Key to Theridiidae Spiders of Biosecurity Importance to New Zealand uses a set of characters that combine to narrow down the choices in order to facilitate rapid identification of specimens at the New Zealand border.

Organisation of the Lucid key to Theridiidae spiders
Lucid key operates with features (characters from the external morphology) that are considered diagnostic to particular entities (species/sexes). Each feature is illustrated with colour photos, black & white photos and/or line drawings. Each species is entered as a separate entity and represented by two additional entities - one for each sex. Fact sheets are attached to each species and contain a full set of images of both sexes (dorsal, lateral and ventral views), distribution information, a note on whether they are established in New Zealand and a reference list. Species genitalia are illustrated with black & white images.

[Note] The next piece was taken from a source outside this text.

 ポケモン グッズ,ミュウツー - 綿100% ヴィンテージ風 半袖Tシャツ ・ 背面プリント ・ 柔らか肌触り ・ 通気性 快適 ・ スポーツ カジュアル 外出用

The key has the advantage of beginning identification with whichever feature the user feels most comfortable with. By checking the boxes for each feature, the key constructs various combinations of possible entities and ranks the choices based on the reliability of the selected diagnostic features.

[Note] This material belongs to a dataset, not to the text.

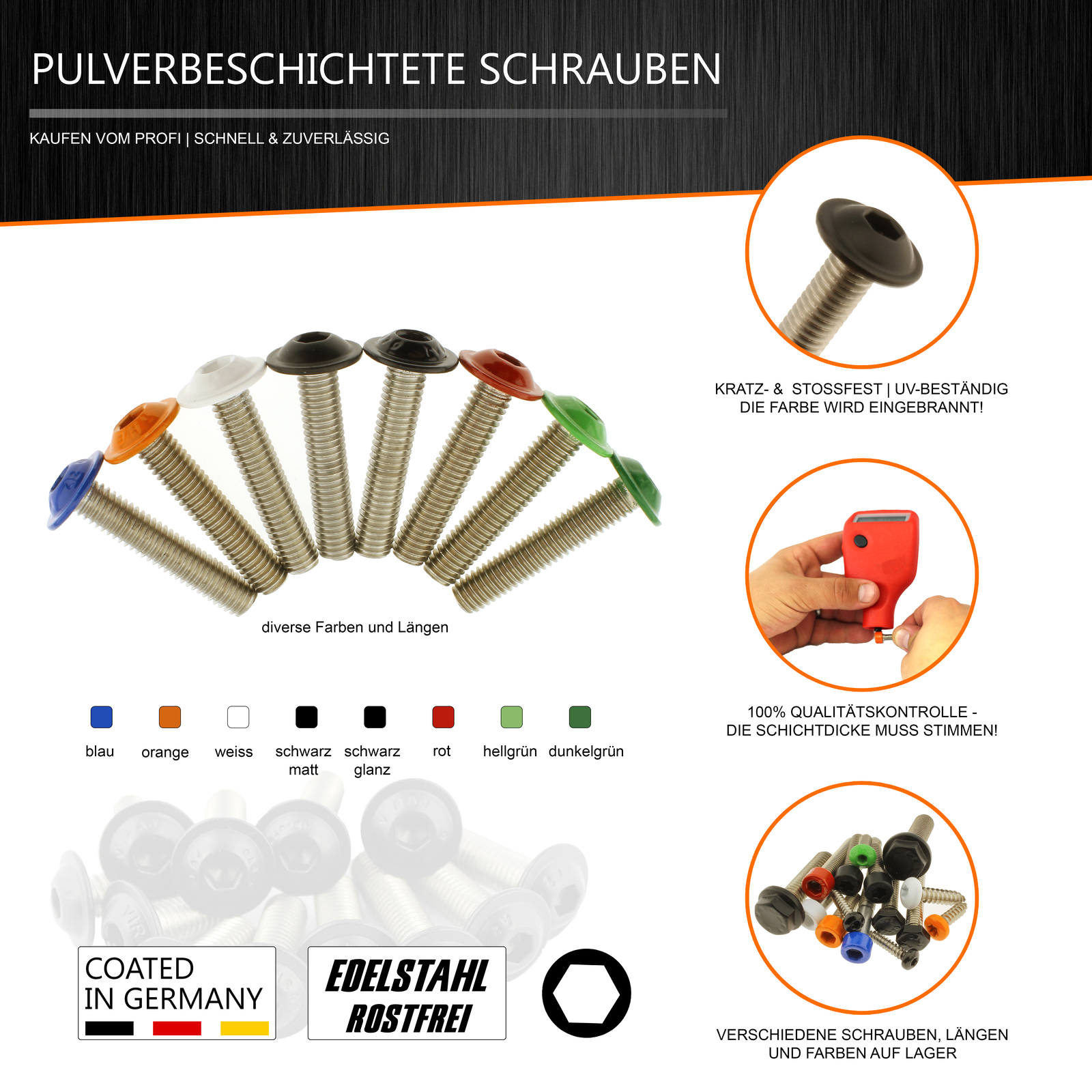 Profischrauben vom Feinsten! Diese 10 M6x12 Linsenkopfschrauben mit Flansch sind echte Allrounder. Aus rostfreiem V2A Edelstahl mit mattschwarzer Pulverbeschichtung - absolut kratz- und stoßfest! Die UV- und witterungsbeständige Beschichtung bleicht nicht aus - perfekt für draußen. Mit Torx-Antrieb (ISO7380-2) für sichere Montage ohne Abrutschen. Hergestellt in Deutschland - da stimmt einfach die Qualität! Ideal für Motorräder, Möbel, Fassaden und viele andere Projekte. Die Flansch-Unterlegscheibe ist integriert - spart Zeit beim Zusammenbau. Einfach mit handelsüblichem Torx-Werkzeug anziehen - sitzt bombenfest! Lieferung: 10x Schrauben im praktischen Beutel. Perfekt für anspruchsvolle Projekte wo's auf Qualität ankommt. Ob am Bike oder im Haus - mit diesen Schrauben machst du nichts falsch! Einfach bestellen und von deutscher Wertarbeit profitieren!

The key is aimed at a general audience and specialist morphological terms have been avoided where possible, so the key may not give a definite identification. Note that the main purpose of the key (as stated above) is to narrow down the choices so as to allow the user to check the genitalia of a few entities instead of going through all of them.

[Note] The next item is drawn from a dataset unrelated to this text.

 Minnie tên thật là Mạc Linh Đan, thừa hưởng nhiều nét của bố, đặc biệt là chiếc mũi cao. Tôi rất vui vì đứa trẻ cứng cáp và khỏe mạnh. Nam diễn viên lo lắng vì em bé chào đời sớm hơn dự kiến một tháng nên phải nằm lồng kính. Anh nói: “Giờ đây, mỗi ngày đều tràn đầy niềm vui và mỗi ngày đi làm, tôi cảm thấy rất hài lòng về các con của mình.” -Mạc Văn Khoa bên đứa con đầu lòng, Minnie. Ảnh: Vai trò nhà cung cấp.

Be aware that various combinations of features will give different choices. If you do not find the genitalia of your specimens, try another combination of features even if you have to discard features have been already selected with some confidence. Please bear in mind that the key serves a very specific purpose; it is not a taxonomic or faunistic key to a particular region. The specimen you are trying to identify may not be included because it has not been considered as an important biosecurity risk in New Zealand.

Diagnostic features used in this key
This key is limited to external morphological characters. They are presented below with an estimate of their relative importance to the final identification.

Identify the sex of the spider by looking at its ventral side. The distal segment of the palp in females are not expanded and adults have a sclerotised epigynum. Males lack an epigynum and their distal segment of the palp is expanded.

Body length is measured from the anterior end of the cephalothorax to the posterior end of the abdomen. Before using it, check the state of maturity because the key uses data on adults only. Variations in body length can be considerable and may not necessarily be included in the key for specimens that are out of what is considered as normal size range for the species.

The area around the spinnerets must be checked for presence/absence of colulus and its size (small vs large). This feature facilitates the identification to genus level only. Discoloured specimens and small specimens are hard to work with as the colulus can be difficult to see.

Abdomen colour is given a high importance although it is difficult to combine all variations into a few options. Colouration may seem different depending on how you look at the specimen - with or without a lens. Under magnification you may see spots that are not visible to the naked eye. Also black colouration may look more brownish under the microscope may. Colour can change due to preservation methods. Freshly killed specimens may look far different in colour to specimens that have been preserved in ethanol for many years. Consult the colour photos.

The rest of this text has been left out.